The disturbing shootings targeting Jewish schools in this country reached new depths of depravity this week, with an assault on a girls’ school in Toronto for the third time.
Jewish schools and places of worship across the country have been subjected to similar attacks. It’s time to call it what it is: Domestic terrorism.
The only reason a person singles out children of one particular faith for an attack such as this is to threaten and intimidate them into not going to school. You want them to cower in fear.
And it’s time our politicians started calling it for what it is. Children attending schools in Montreal or Toronto have nothing — absolutely nothing — to do with a Mideast war. Their faith and ethnicity may be Jewish, but their nationality is Canadian. And enshrined in Canadian law is the premise that all people, regardless of their faith, should live without fear that someone will shoot up or burn down their school or their place of worship.
We don’t know yet who shot up Bais Chaya Mushka school this week. Whoever perpetrated this heinous act should be charged as a terrorist.

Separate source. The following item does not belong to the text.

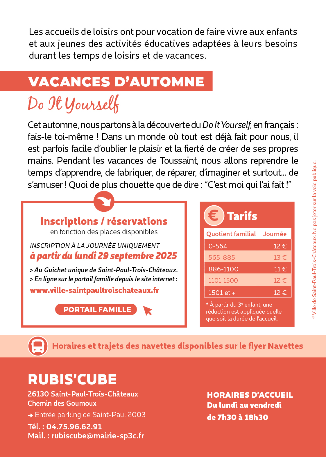 Cet automne, nous partons à la découverte du Do It Yourself, en français : fais-le toi-même ! Dans un monde où tout est déjà fait pour nous, il est parfois facile d’oublier le plaisir et la fierté de créer de ses propres mains. Pendant les vacances de Toussaint, nous allons reprendre le temps d’apprendre, de fabriquer, de réparer, d’imaginer et surtout… de s’amuser ! Quoi de plus chouette que de dire : “C’est moi qui l’ai fait !”

We have a vacuum of leadership in this country. Prime Minister Justin Trudeau and his sidekick, NDP Leader Jagmeet Singh, are so consumed by their own ego that they fail to see real issues plaguing this country. When an entire community lives in fear, there’s a major problem. Our politicians are so fearful of offending protesters, of potentially losing votes and political power, that they don’t have the courage to stand up and say what needs to be said. They pay lip service to minority rights, but when one particular minority is threatened, they’re silently complicit.
A few local politicians are trying to implement “bubble zones” banning protests around schools and places of worship. They shouldn’t be necessary. Until now, Canadian values upheld the rights of kids to go to school and people to worship freely. They not only had the law on their side — it was common decency.
No one has the right to threaten children at school or to bully worshippers at their synagogue. We’ve tolerated this intimidation for too long. It’s time to lay down the law and put a stop to it.